Cracking the RRSP nest egg
Ted Wannell

  • Mandatory conversion of RRSPs substantially boosts the income of 70 year—olds-an average of about $1,600 or 6.6% of taxable income in 2002. At the same time, some other forms of income are declining, so the net increase in taxable income is much less—$800 in 2002.
  • The income effect of mandatory conversion is increasing over time, indicating that younger cohorts have greater RRSP assets when they reach age 69 than those who preceded them. More of the converted assets are now being managed in RRIFs as opposed to annuities.

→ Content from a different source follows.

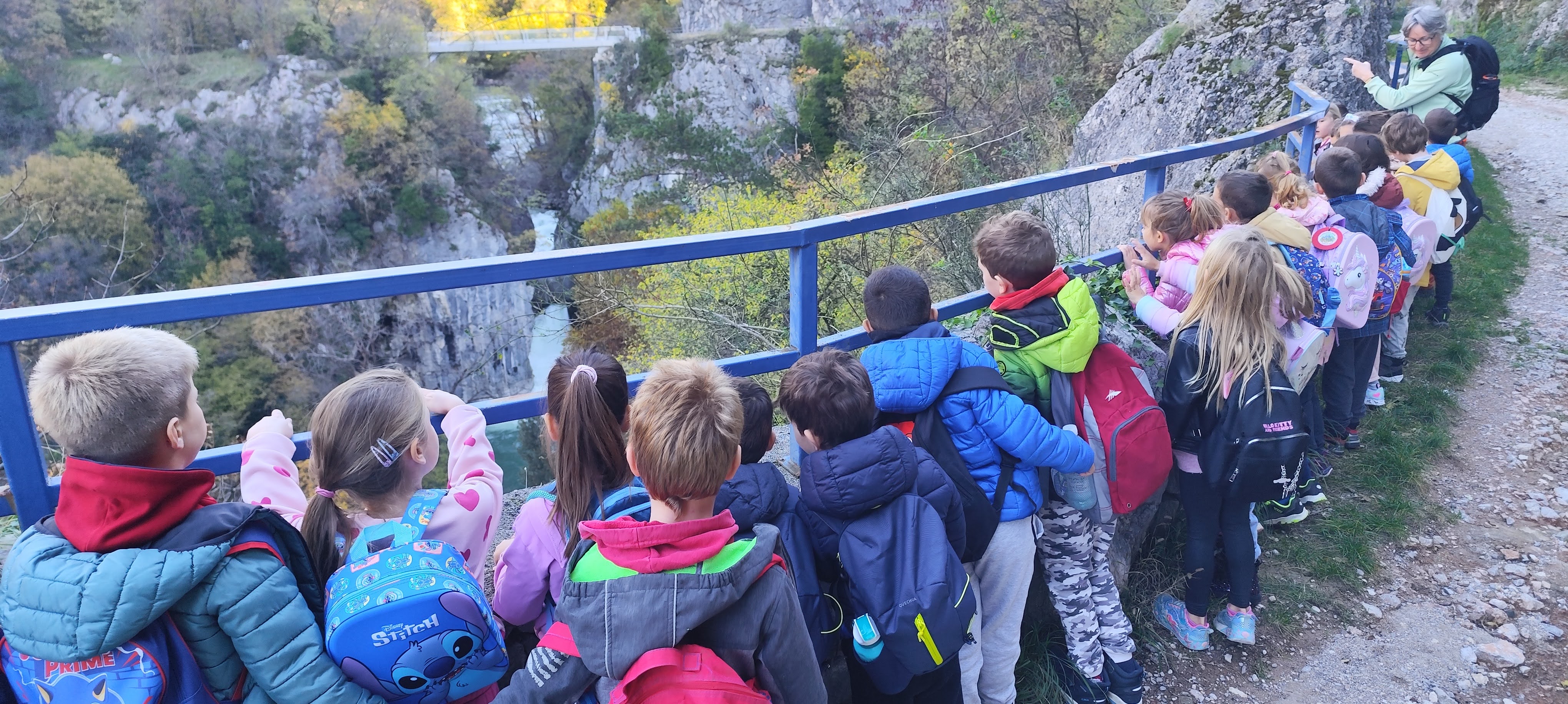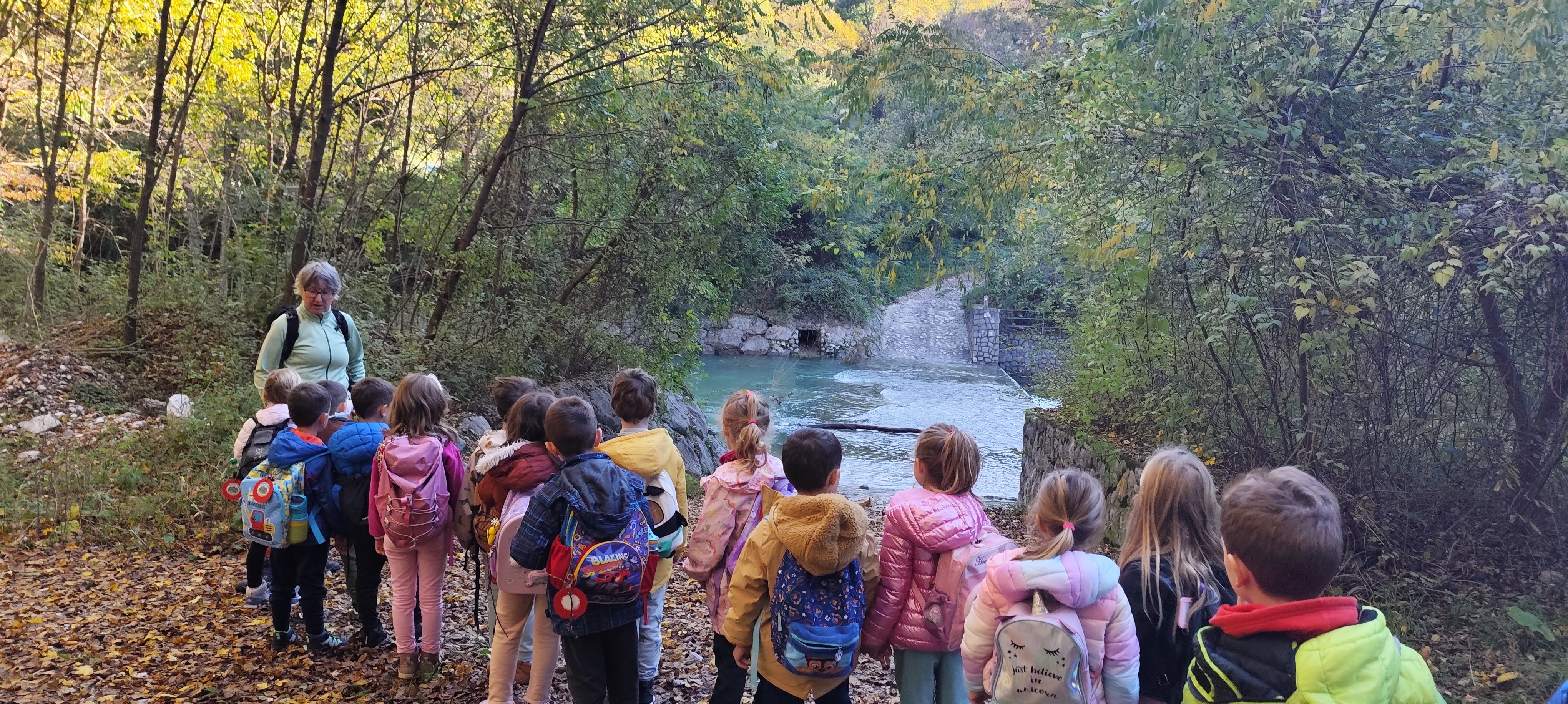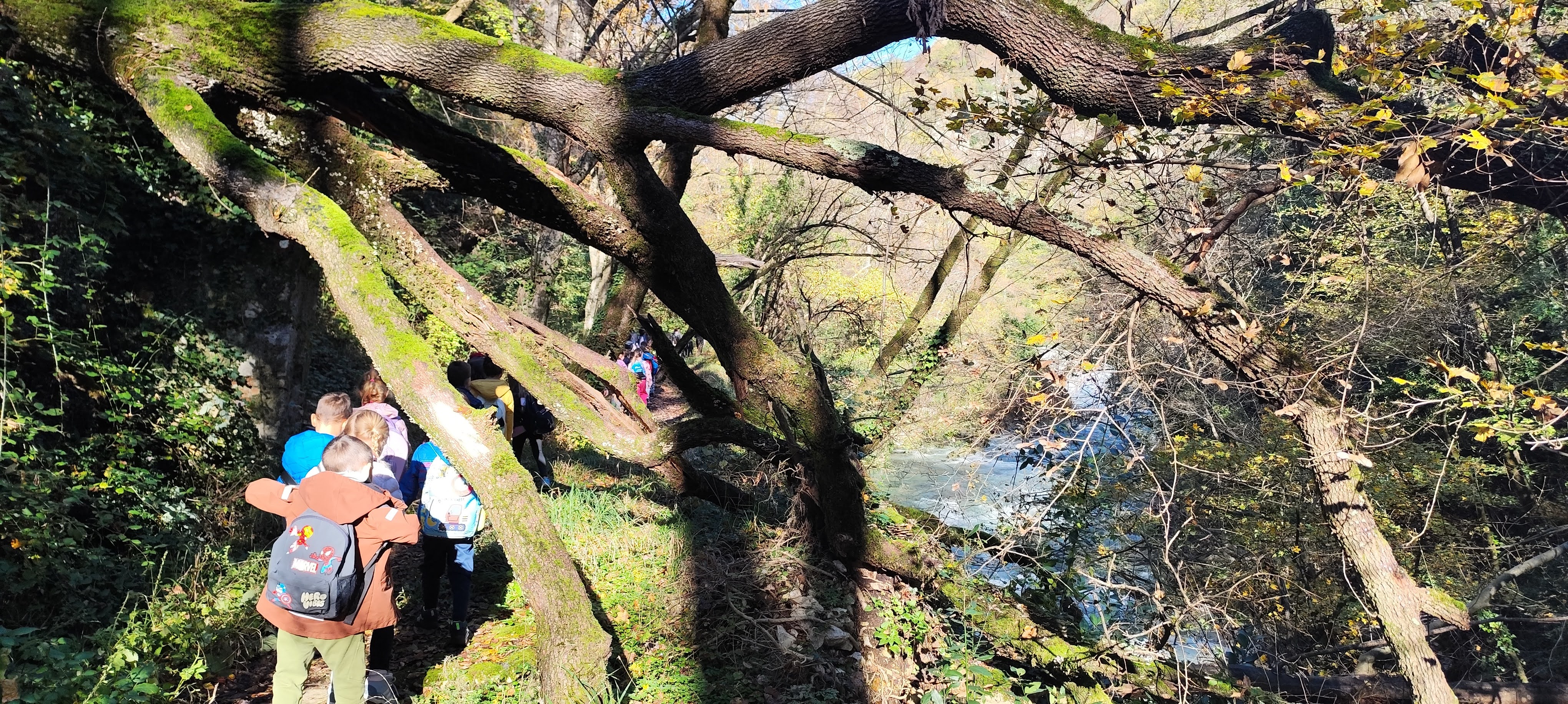 Na našem drugom izletu priključila nam se i grupica iz podcentra Pčelice te smo se u velikom broju spustili u kanjon Rječine, naš skriveni, divlji dragulj. Mnogi su po prvi put prešli preko novog pješačkog mosta s kojeg se pruža prekrasan pogled na kanjon, trsatsku gradinu, Deltu i Školjić. Ruševine starog mlina Žakalj pobudile su maštu, a mašta je dodatno oživjela i obogatila taj prekrasan jesenji dan. Rječina nas je počastila ovaj put ne samo žuborom, već i zaglušujućom hukom zbog čega smo se morali istim putom vratiti do autobusa koji nas je odveo na zasluženi ručak u naše vrtiće.
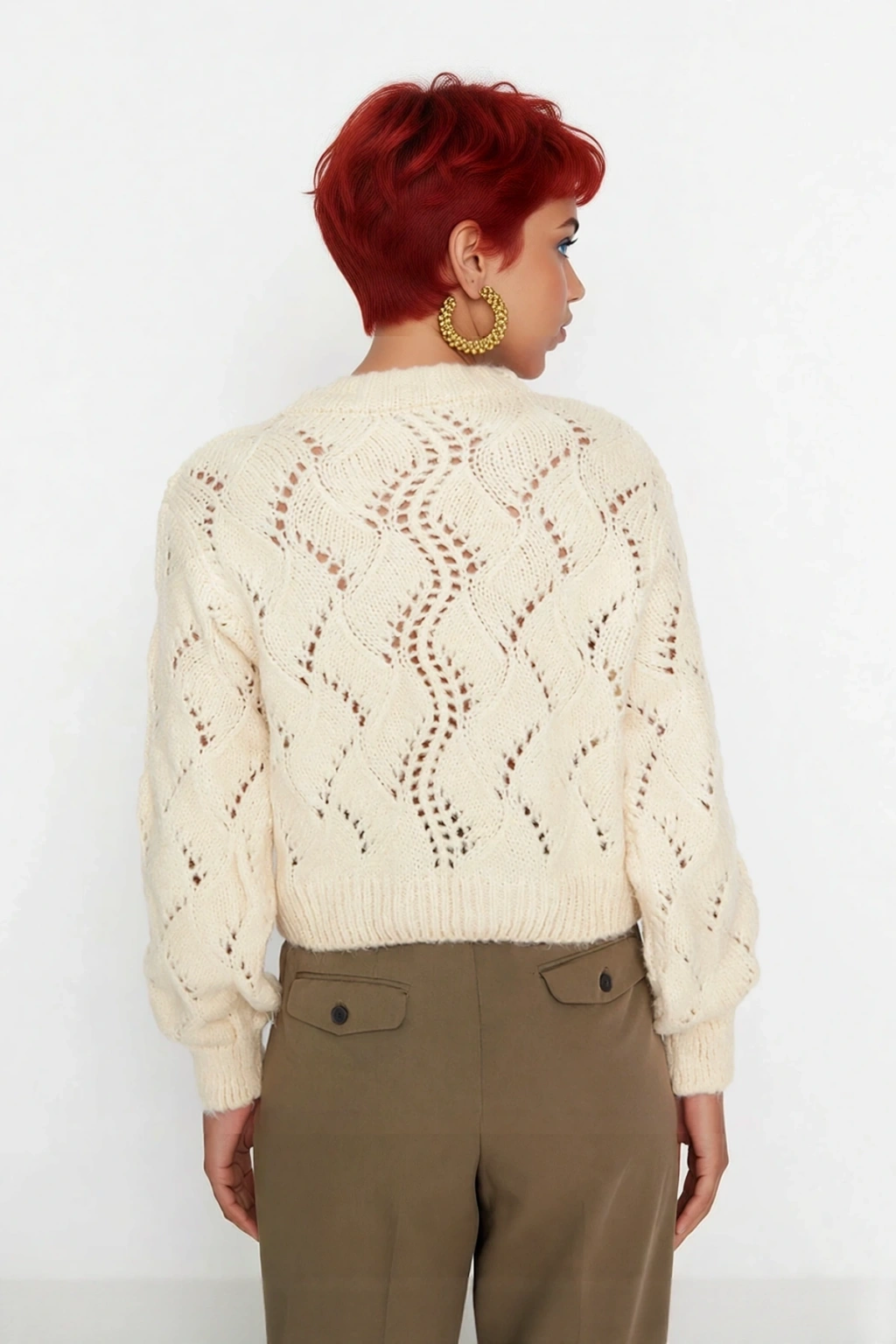 Ürün Özellikleri: Regular kalıp, akrilik materyal, ajurlu desen, dik yaka, standart kol, triko kumaş, ekru renk, cepsiz, uzun kol boyu, basic siluet, super crop boy, çift plaka dokuma tipi, %80 akrilik %20 polyester materyal bileşeni.

  • High-income earners are much more likely to have a substantial RRSP-related boost in income than those earning less. More than half of the top income quintile had an increase of over $2,400 compared with 1 in 20 of the bottom quintile. Hence, much of the income generated by mandatory conversion will be taxed at relatively high marginal rates.
  • Very few seniors rely on RRSPs for a significant proportion of their income prior to age 70. Just 2.4% made annual RRSP withdrawals that accounted for over one-quarter of their income. For this group, taxable income actually declined at age 70.
  • Seniors who continue to earn most of their income from employment at age 69 tend to be high-income professionals. For them, mandatory conversion results in an average RRSP-generated boost in income of more than $7,000, softening to $5,100 after netting out declines from other sources.